• [Problem to work on]: Starting at the line holding "Share a message" and finishing at the line holding "生徒には事前に避難訓練がある", transcribe the material exactly, keeping both ends but no pictures.

• [Records to use]:
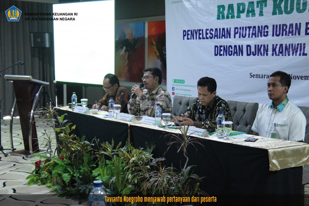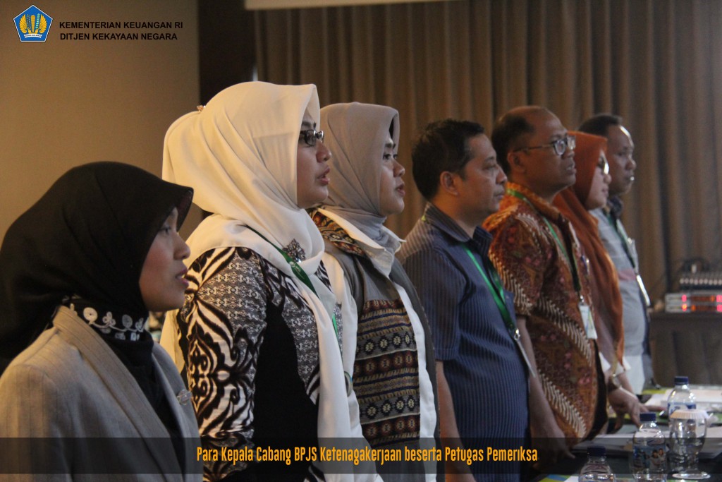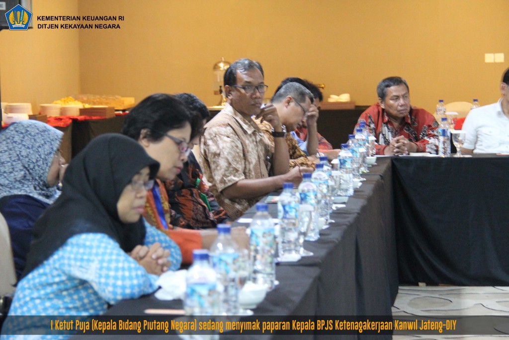 Hadir dalam rapat Kepala Kanwil DJKN Jateng dan DI Yogyakarta beserta tim yang terdiri atas para Kepala KPKNL, Kepala Bidang Piutang Negara, Kepala Seksi Piutang Negara I, dan Kepala Seksi Piutang Negara KPKNL sedangkan Kepala BPJS Ketenagakerjaan Kanwil Jateng dan DI Yogyakarta didampingi para Kepala Cabang BPJS Ketenagakerjaan Jateng dan DI Yogyakarta beserta para Petugas Pemeriksa.
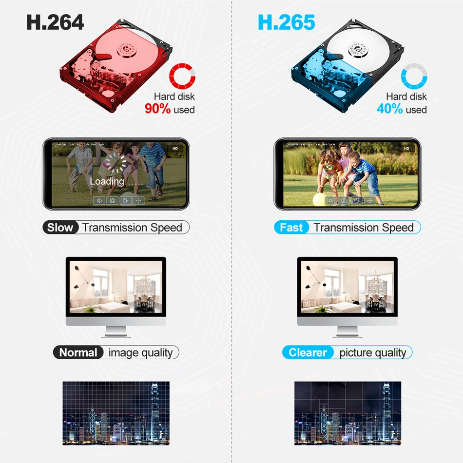 H.265 более четкий, Hd разрешение предлагает вам лучшее качество изображения в более низкой скорости.
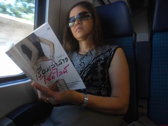 Ce roman thai a l'air prenant. C'est à peine si elle s'en détache pour la photo.
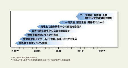 図3は、アマゾンのミッション(企業理念)の骨格の変遷について、SEC filing(10-K)における記述の変化から読み解いたものである。上場時に「オンライン書店」と自社を定義していたアマゾンは、その後、音楽やビデオの販売を急速に伸ばし、さらに小売全般へと事業を広げていった。また2007年からは、これまで暗黙的に「顧客」という名称を使っていたのを、消費者だけではなく、販売業者、開発者も含めて顧客であることを明確化する。さらに2011年からは、コンテンツ生産者も顧客の一部として再定義して、現在に至っている。
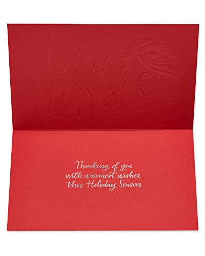 Share a message of joy and peace with this elegant set of Christmas boxed cards by Papyrus. Made with a shocking deep emboss process highlighted by shimmering silver and gold foil, this print features beautiful script and a dove on a bright red background. Offered in a well-liked 5 x 7” size, these Christmas stationery cards boast Papyrus-quality artwork highest for both personal and professional holiday greetings.
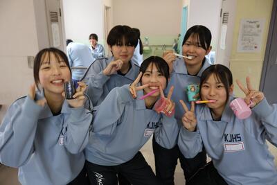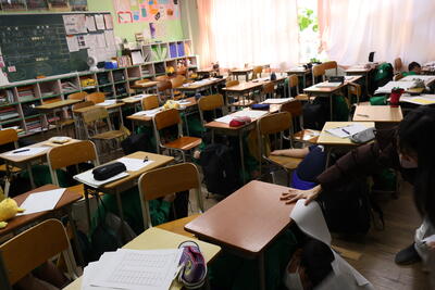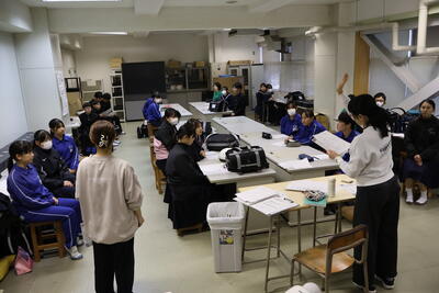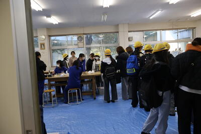 生徒には事前に避難訓練があることを知らせずに、緊急地震速報を放送した訓練を実施しました。
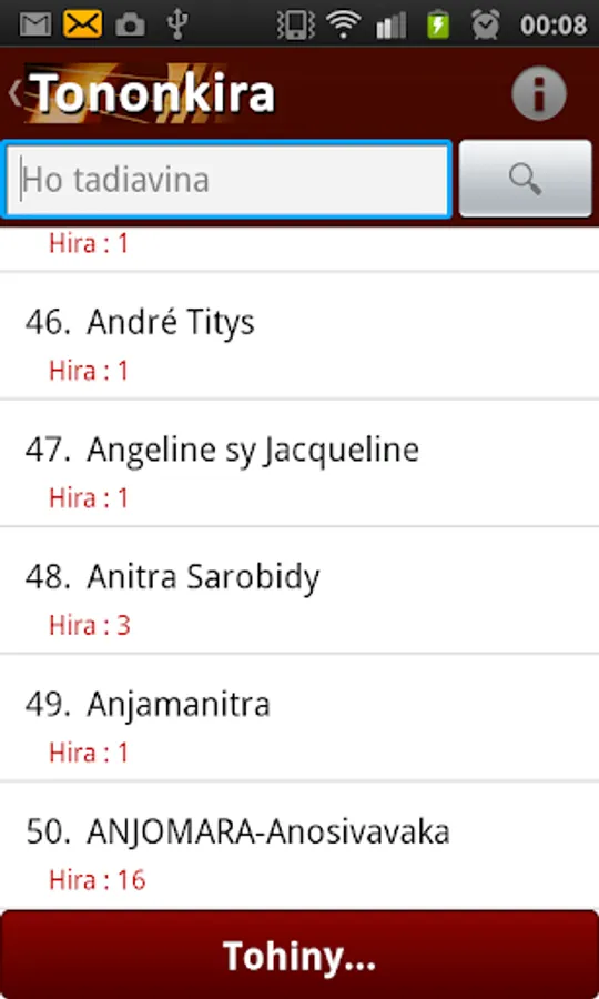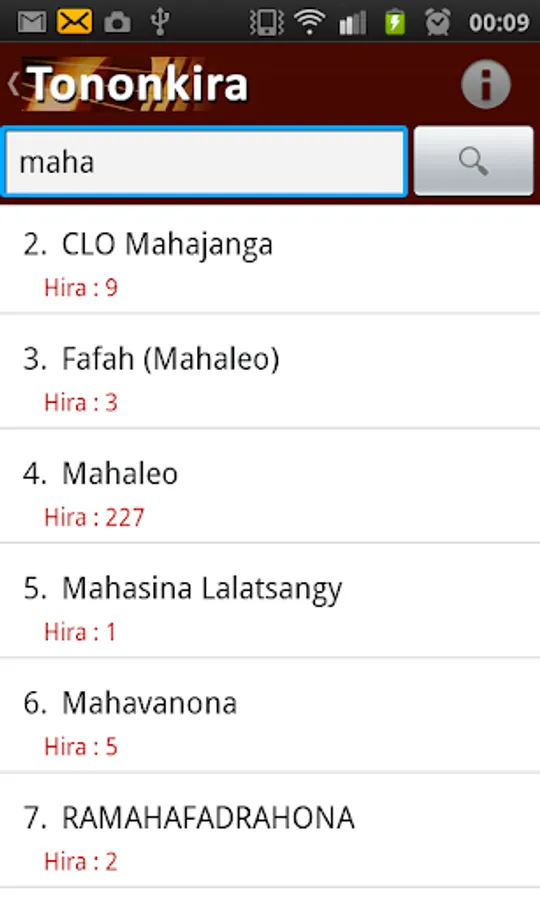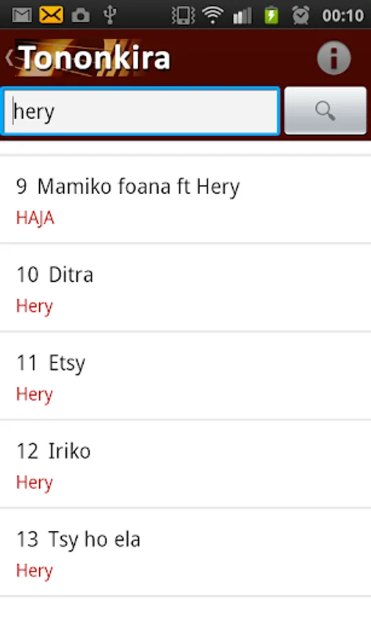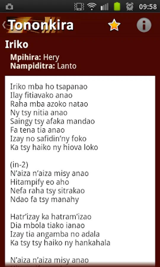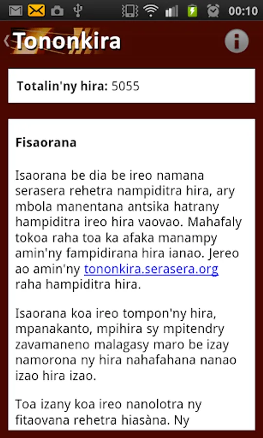 The application "Song lyrics Malagasy" or Tononkira Malagasy is a rich application of more than 5000 words members serasera.org have inserted since 2002. The application "Tononkira Malagasy" does not require internet connection except during installation.
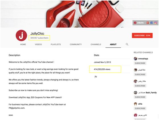 YouTube在中东地区拥有非常高的覆盖率,这也是Jollychic选择YouTube进行品牌传播的重要原因之一。
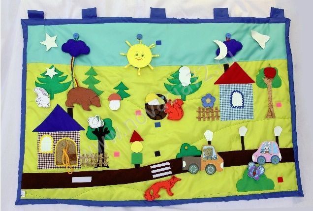 За счет дополнительного комплекта навесных элементов, имеющих светопоглощающее покрытие (т. е. светящихся в темноте), развивающий коврик "День - Ночь" позволяет знакомить детей с понятием смены дня и ночи, космические тела и т.п. Отличный помощник в эмоциональной разгрузке ребенка перед сном.
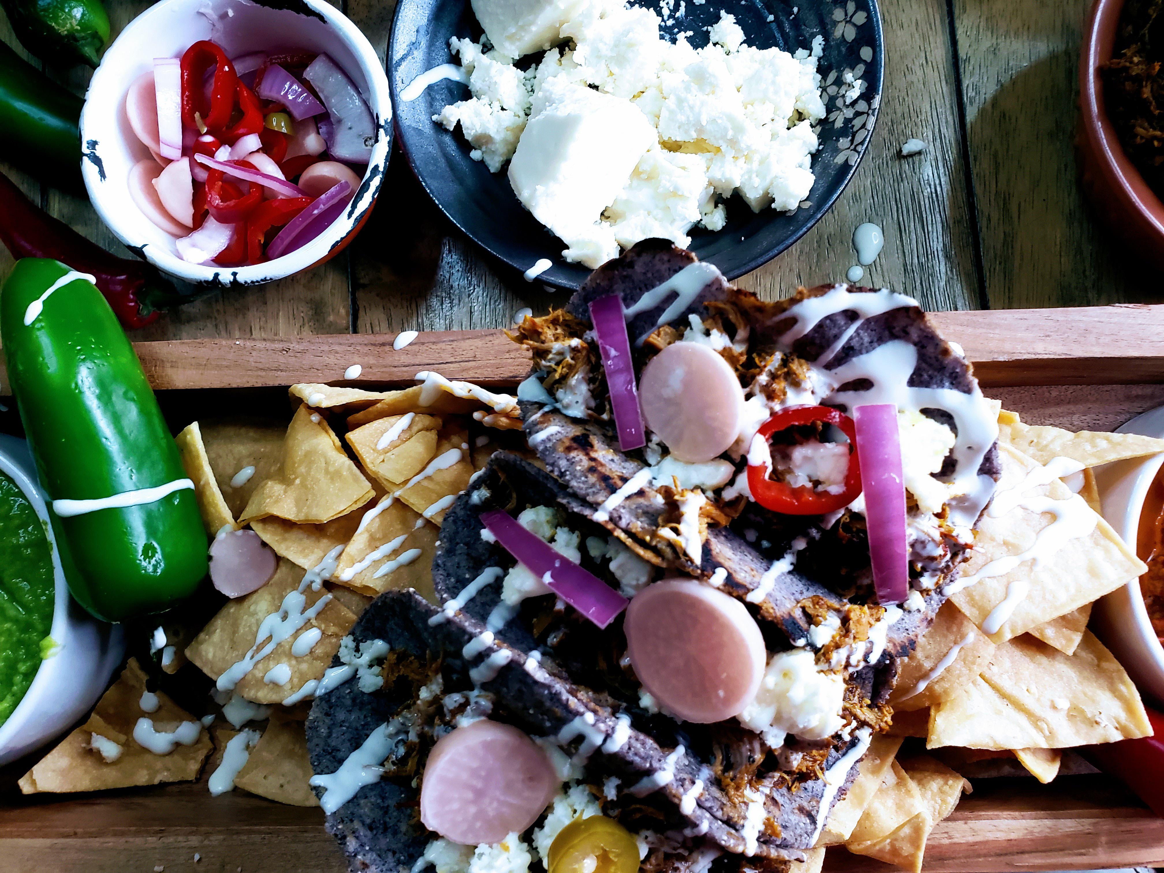 Cochinita Pibil cooked in banana leaves and homemade blue corn tortillas

• [Final answer]:
 Share a message of joy and peace with this elegant set of Christmas boxed cards by Papyrus. Made with a shocking deep emboss process highlighted by shimmering silver and gold foil, this print features beautiful script and a dove on a bright red background. Offered in a well-liked 5 x 7” size, these Christmas stationery cards boast Papyrus-quality artwork highest for both personal and professional holiday greetings.
 生徒には事前に避難訓練があることを知らせずに、緊急地震速報を放送した訓練を実施しました。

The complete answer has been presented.